# Extensions to Linear Models - Lab

## Introduction

In this lab, you'll practice many concepts you have learned so far, from adding interactions and polynomials to your model to regularization!

## Summary

You will be able to:

- Build a linear regression model with interactions and polynomial features 
- Use feature selection to obtain the optimal subset of features in a dataset

## Let's Get Started!

Below we import all the necessary packages for this lab.

In [1]:
# Run this cell without changes

import pandas as pd
import numpy as np
import matplotlib.pyplot as plt
import warnings
warnings.filterwarnings('ignore')
from itertools import combinations

from sklearn.feature_selection import RFE
from sklearn.linear_model import LinearRegression, Lasso
from sklearn.metrics import mean_squared_error
from sklearn.model_selection import train_test_split
from sklearn.preprocessing import StandardScaler, PolynomialFeatures

Load the data.

In [2]:
# Run this cell without changes

# Load data from CSV
df = pd.read_csv("ames.csv")
# Subset columns
df = df[['LotArea', 'OverallQual', 'OverallCond', 'TotalBsmtSF',
         '1stFlrSF', '2ndFlrSF', 'GrLivArea', 'TotRmsAbvGrd',
         'GarageArea', 'Fireplaces', 'SalePrice']]
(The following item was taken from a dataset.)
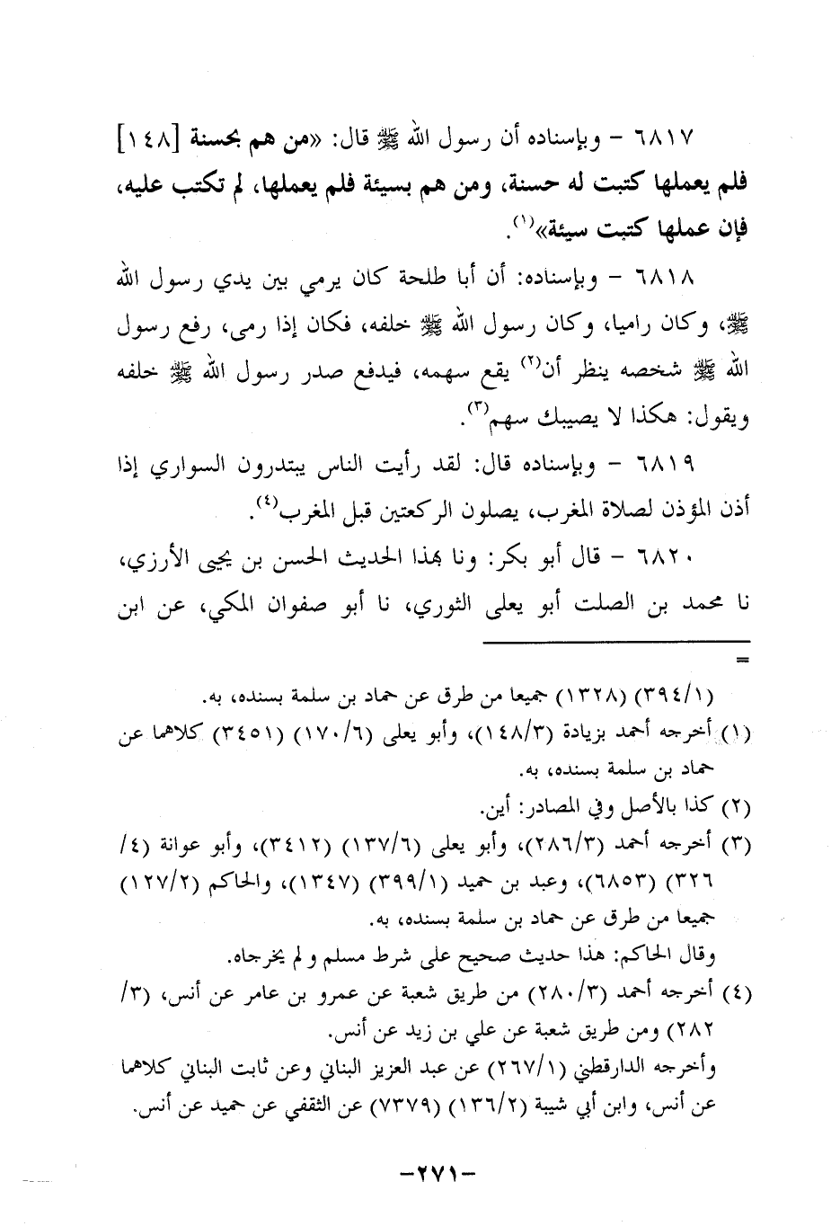 6817- وَبِإِسْنَادِهِ؛ أَنَّ رَسُولَ اللهِ صَلَّى اللَّهُ عَلَيه وَسَلَّم قَالَ: مَنْ هَمَّ بِحَسَنَةٍ فَلَمْ يَعْمَلْهَا كُتِبَتْ لَهُ حَسَنَةٌ، وَمَنْ هَمَّ بِسَيِّئَةٍ فَلَمْ يَعْمَلْهَا لَمْ تُكْتَبْ عَلَيْهِ فَإِنْ عَمِلَهَا كُتِبَتْ سيئة.

# Split the data into X and y
y = df['SalePrice']
X = df.drop(columns='SalePrice')

# Split into train, test, and validation sets
X_train, X_test, y_train, y_test = train_test_split(X, y, random_state=42)
X_train, X_val, y_train, y_val = train_test_split(X_train, y_train, random_state=0)
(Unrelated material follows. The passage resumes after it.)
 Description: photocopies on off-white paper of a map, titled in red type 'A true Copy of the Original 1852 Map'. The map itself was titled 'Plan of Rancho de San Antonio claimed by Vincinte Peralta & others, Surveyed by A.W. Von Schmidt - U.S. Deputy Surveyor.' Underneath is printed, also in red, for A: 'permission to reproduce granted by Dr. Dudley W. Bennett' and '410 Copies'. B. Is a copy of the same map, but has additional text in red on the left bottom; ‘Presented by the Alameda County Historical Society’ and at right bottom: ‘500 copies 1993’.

## Build a Baseline Housing Data Model

Above, we imported the Ames housing data and grabbed a subset of the data to use in this analysis.

Next steps:

- Scale all the predictors using `StandardScaler`, then convert these scaled features back into DataFrame objects
- Build a baseline `LinearRegression` model using *scaled variables* as predictors and use the $R^2$ score to evaluate the model 

In [4]:
# Your code here
scaler = StandardScaler()

# Scale X_train and X_val using StandardScaler
X_train_scaled = scaler.fit_transform(X_train)
X_val_scaled = scaler.transform(X_val)

X_train_scaled = pd.DataFrame(X_train_scaled, columns=X.columns)
X_val_scaled = pd.DataFrame(X_val_scaled, columns=X.columns)
# Ensure X_train and X_val are scaled DataFrames
# (hint: you can set the columns using X.columns)

In [5]:
# Your code here
model = LinearRegression()
# Create a LinearRegression model and fit it on scaled training data
model.fit(X_train_scaled, y_train)

# Calculate a baseline r-squared score on training data
r2_train = model.score(X_train_scaled, y_train)
r2_train

0.7868344817421309

## Add Interactions

Instead of adding all possible interaction terms, let's try a custom technique. We are only going to add the interaction terms that increase the $R^2$ score as much as possible. Specifically we are going to look for the 7 interaction terms that each cause the most increase in the coefficient of determination.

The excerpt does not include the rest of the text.